We bet you're REALLY wondering what we're doing with a plastic human heart.

"I sort of inserted myself as the CAD guy," he said, citing a long history of 3D printing experience. "It's a lot of fun."

His adventures in 3D printing are only a casual hobby during his breaks from his real project, however-- his area of research this summer has been autonomous flight safety, and his end result is a piece of software that sets and enforces geographic boundaries for autonomous UAVs during outdoor flight. Think of it like an invisible fence for your dog.

"We have the actual safety net up in the flight area to protect the humans," Nick said. "This project is aimed toward maintaining not only [outdoor] vehicle safety, but the safety of those around the vehicle."

Nick's program divides the geo-containment area into a flight zone, where the UAV is approved to fly, a "soft border" zone, and a "hard border" boundary. If a vehicle strays across the soft border, "The software basically tells the vehicle, 'Hey, you're close to leaving the flight zone, but as long as you don't make a dash for the hard border, we're good,'" Nick explained.  The program also steps in and the UAV's flight trajectory to predict if it's preparing to leave the geo-containment area while it's in the soft border zone.

On the off chance that a vehicle crosses the hard border, two things can happen: The first thing the software will do is command the vehicle to land immediately, since that's one possible safe maneuver. If the land command doesn't work for some reason, then the program can shut off the motors.

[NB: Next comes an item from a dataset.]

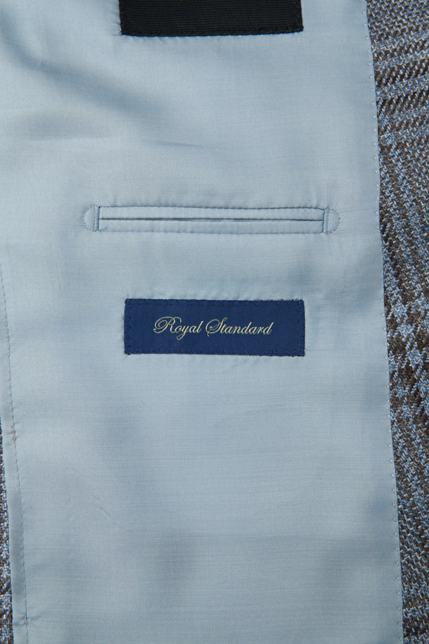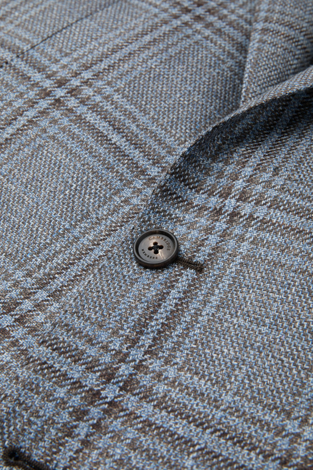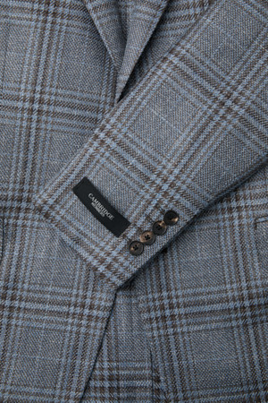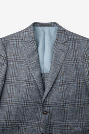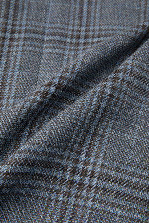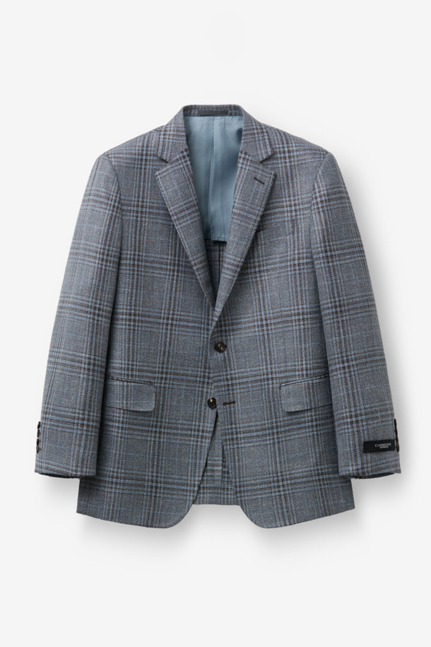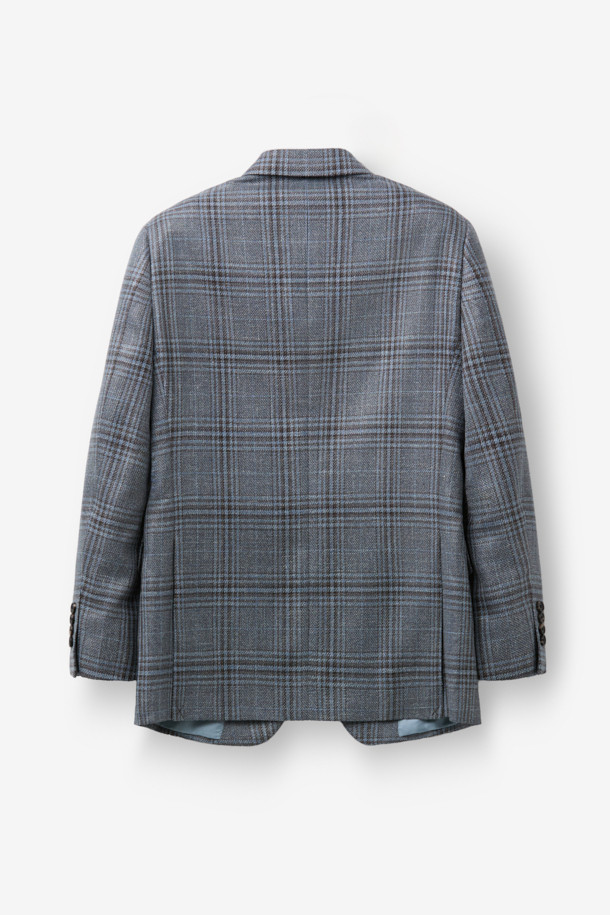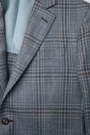 로로피아나 울 실크 리넨 글렌체크 자켓 - 블루

Nick is proud of his finished product, but says that working on emergency safety protocols has been an unusual experience for him.

"The weird thing about this project is, this is a piece of software I hope never gets used," he said.

This summer has been Nick's second in the AI; he first joined the team in 2014 when he came on board to help build a "dual hardware-in-the-loop simulator." Since the AI didn't have an in-house flight range last year, building sophisticated simulators was the only way for the team to run tests.

"We would strap the [UAV] components onto a table, feed it false information, and pipe its output back," he said.

Of the incredibly diverse roles he's played in the Incubator, he merely shrugs the challenge off as part of the job.

"I'm a robotics engineer, so I'm supposed to be able to tackle things as they pop up," he said. "Being able to evolve and adapt to the problem at hand is an important part of being an engineer."

Nick and high school intern Nick in one of their friendly debates.

Soon, Nick will depart the AI for Worcester Polytechnic Institute, which is apparently pronounced "WOO-ster," not "Wor-kes-ter." We're just as baffled as you are.